This chapter summarizes the patterns & practices approach to Security Engineering, with the emphasis on architecture and design. To design, build and deploy secure applications, you must integrate security into you application development lifecycle and include specific security-related activities in your current software engineering processes. The key design-focused security engineering activities include identifying security objectives, applying security design guidelines, conducting security architecture and design reviews, and creating threat models. Each activity will improve the security of your application; for best results you should implement them all, but you can incrementally adopt any of these activities as you see fit.

Security Engineering

The following schematic show how security engineering topics fit with the core activities of application design.
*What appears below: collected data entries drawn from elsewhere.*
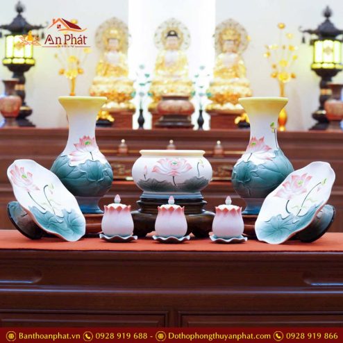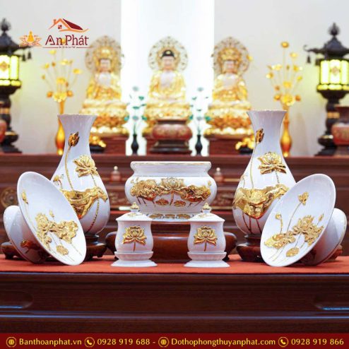 Bộ Đồ Thờ Gốm Sứ Sen Vàng Nổi Cao Cấp GS1191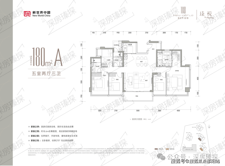 180㎡的5房2厅3卫,设计的是竖厅双龙抱珠格局,客厅5.5米开间,LDKB一体化设计,五开间朝南,约18.6米巨幕面宽,双主卧套间,分别做到了主卧30.5㎡/次卧15.45㎡/次卧11.75㎡/次卧10.87㎡/次卧8.5㎡(包含墙体飘窗),U型厨房,公卫带1个生活阳台约3.89平,阳台约10.73㎡西南朝向。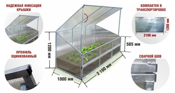 Теплица - мини (парник) "Парниша" 2,1х1х1,18м с поликарбонатом из оцинкованной проф.трубы 20х20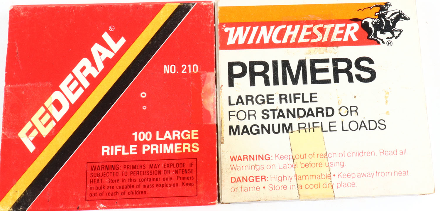 Lot of 2 primer boxes, both partial, both have age soiling. Grade: Very Good - Value: 2 to 20

Summary of Key Activities in the Life Cycle

This Security Engineering approach extends the proven core activities shown in the previous section to create security-specific activities. These activities include:
  • Security Objectives. Setting objectives helps you to scope and prioritize your work by setting boundaries and constraints. Setting security objectives helps you identify where to start, how to proceed, and when you are done. You should think of security objectives with respect to the confidentiality, integrity, and availability of your data and application.
  • Threat Modeling. Threat modeling is an engineering technique that can help you to identify threats, attacks, vulnerabilities, and countermeasures that could affect your application. You can use threat modeling to shape your application's design, meet your company's security objectives, and reduce risk. Threat modeling is an iterative process and should be used throughout the application lifecycle as and when new environmental facts are seen.
  • Security Design Guidelines. Creating design guidelines is a common practice at the start of an application project to guide development and share knowledge across the team. Effective design guidelines for security organize security principles, practices, and patterns into actionable categories. Using tried and tested design principles to identify the critical areas where mistakes are often made.
  • Security Design Inspection. Security design inspections are an effective way to identify problems in your application design. By using pattern-based categories and a question-driven approach, you simplify evaluation of your design against root-cause security issues. You should review the application’s design in relation to the target deployment environment and associated security policies.
  • Security Code Inspection. Many security defects are found during code reviews. Code analysis requirements for locating security defects include knowing what to look for, and how to look for it. Security code inspections optimize the task of inspecting code to detect common security issues.
  • Security Testing. Use of a risk-based approach and the output from threat modeling activities to help establish the scope of your testing activities and definition of your test plans.
  • Security Deployment Inspection. When you deploy your application during your build process or staging process, you have an opportunity to evaluate runtime characteristics of your application in the context of your infrastructure. Deployment reviews for security focus on evaluating your security design and the configuration of your application, host, and network.

Security Frame

Security frames define a set of pattern-based categories that organize repeatable problems and solutions. You can use these categories to divide your application architecture for further analysis, and to help you identify application vulnerabilities. The categories within the frame represent the critical areas where mistakes are most often made.

Category Description
Auditing and Logging Who did what and when? Auditing and logging refer to how your application records security-related events.
Authentication Who are you? Authentication is the process where an entity proves the identity of another entity, typically through credentials, such as a user name and password.
Authorization What can you do? Authorization refers to how your application provides access controls for resources and operations.
Configuration Management Who does your application run as? Which databases does it connect to? How is your application administered? How are these settings protected? Configuration management refers to how your application handles these operations and issues.
Cryptography How are you handling secrets (confidentiality)? How are you tamper-proofing your data or libraries (integrity)? How are you providing seeds for random values that must be cryptographically strong? Cryptography refers to how your application enforces confidentiality and integrity.
Exception Management When a method call in your application fails, what does your application do? How much information do you reveal? Do you return friendly information to end users? Do you pass valuable exception information back to the caller? Does your application fail gracefully? Exception management refers to how you handle exceptions within your application.
Input and Data Validation How do you know that the input your application receives is valid and safe? Input validation refers to how your application filters, scrubs, or rejects input before additional processing. Consider constraining input through entry points and encoding output through exit points. Do you trust data sources such as databases and file shares?
Sensitive data How does your application handle sensitive data? Does your application protect confidential user and application data? Sensitive data refers to how your application handles any data that must be protected either in memory, over the network, or in persistent stores.
Session Management How does your application handle and protect user sessions? A session refers to a session of related interactions between a user and your Web application.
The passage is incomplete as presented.